I'll proceed with writing the article based on available knowledge about CapitaLand Investment and their APAC credit fund activities.
The Deal
CapitaLand Investment (CLI) has raised US$320 million for its Asia-Pacific real estate credit fund, reinforcing the Singapore-headquartered manager's push into alternative lending across the region. The fund, known as CapitaLand Asia Partners II (CAP II), targets mezzanine debt, senior secured loans, and preferred equity positions across major APAC property markets. The capital raise marks a significant milestone for CLI's private funds business, which has been expanding aggressively as traditional bank lenders retreat from commercial real estate financing amid tighter regulatory requirements. Institutional investors from North America, Europe, and Asia have committed capital to the vehicle, underscoring strong global appetite for APAC real estate credit strategies.
- Capital raised: US$320 million
- Strategy: APAC real estate credit (mezzanine, senior secured, preferred equity)

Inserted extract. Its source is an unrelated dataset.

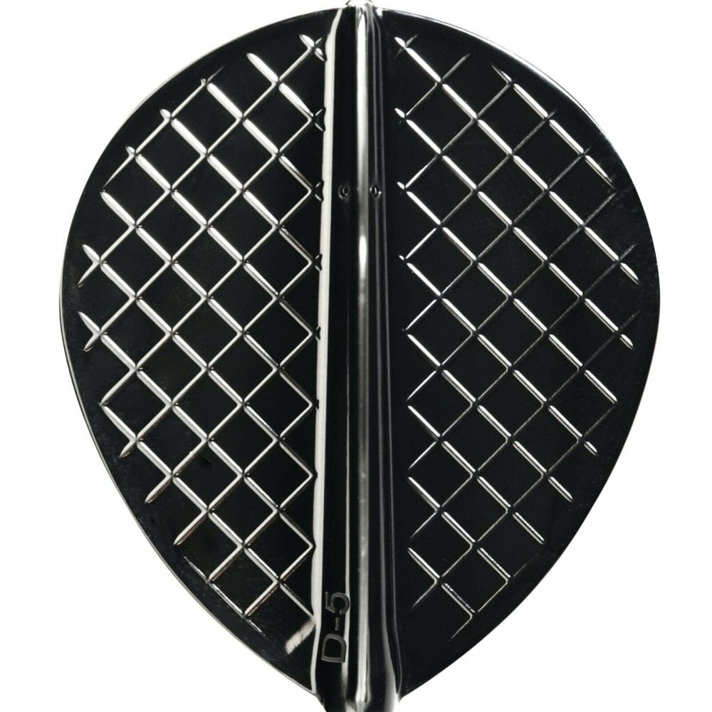 Cosmo Fit Flight Pro - D-Series - D-5 in black. The Fit Flight Pro is the most innovative Flight and Shaft System. Common Flight Shapes are installed by pushing the full flight system onto the shaft, creating a complete unit. These black D-Series flights are loosely based on a teardrop shape flight, in varying widths. Only to be used with Cosmo Fit Shafts.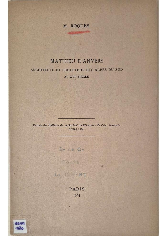Description : Etude de Marguerite Roques sur une statue en bois polychromée (1524) représentant St Jean Baptiste attribuée à Matthieu d'Anvers 1 et qui faisait autrefois partie du retable du maître-autel de la chapelle castrale des Grimaldi. Le nom de Mattieu (ou Matthieu) d'Anvers se retrouve dans une inscription de 1530 sur l'église paroissiale de Colmars-les-Alpes.

- Manager AUM: Approximately S$100 billion
- Target markets: Singapore, Australia, Japan, India, South Korea
Fund Strategy and Structure
The fund is designed to fill financing gaps left by conventional lenders across the Asia-Pacific property sector. CLI's credit strategy focuses on providing structured debt solutions to developers, asset owners, and sponsors who require flexible capital for acquisitions, refinancing, and development projects. Target loan-to-value ratios typically range from 50% to 75%, with blended net return targets in the low double digits for investors. The geographic mandate spans key gateway cities in Singapore, Australia, Japan, India, and South Korea, with selective exposure to Southeast Asian growth markets including Vietnam and the Philippines. CLI's deep on-the-ground presence across 26 countries gives the fund a sourcing advantage that few competing credit platforms can replicate.
Market Context
The fundraise comes at a time when real estate credit has emerged as one of the fastest-growing segments within APAC alternative investments. Bank retrenchment across the region, driven by Basel III capital adequacy rules and heightened provisioning requirements, has created a structural funding shortfall estimated at over US$50 billion annually. Private credit managers have stepped in to bridge this gap, offering higher-yielding debt instruments to borrowers willing to pay a premium for speed, certainty of execution, and flexible terms. According to Preqin data, APAC-focused real estate debt funds raised approximately US$8.7 billion in 2025, a 22% increase from the prior year, reflecting institutional investors' growing conviction in the asset class as a source of steady, risk-adjusted returns.
CLI's Broader Ambitions
The credit fund forms part of CLI's wider strategy to diversify its fee-based income streams beyond traditional equity fund management. Under CEO Lee Chee Koon, the firm has set a target of growing its funds under management to S$120 billion, with credit and debt strategies playing an increasingly central role. CLI currently manages one of Asia's largest real estate portfolios, encompassing logistics, data centres, office towers, retail malls, and lodging assets. By layering a credit capability onto its existing equity platform, the firm can offer investors exposure across the full capital structure of APAC real estate, a proposition that resonates strongly with pension funds, sovereign wealth funds, and insurance companies seeking portfolio diversification.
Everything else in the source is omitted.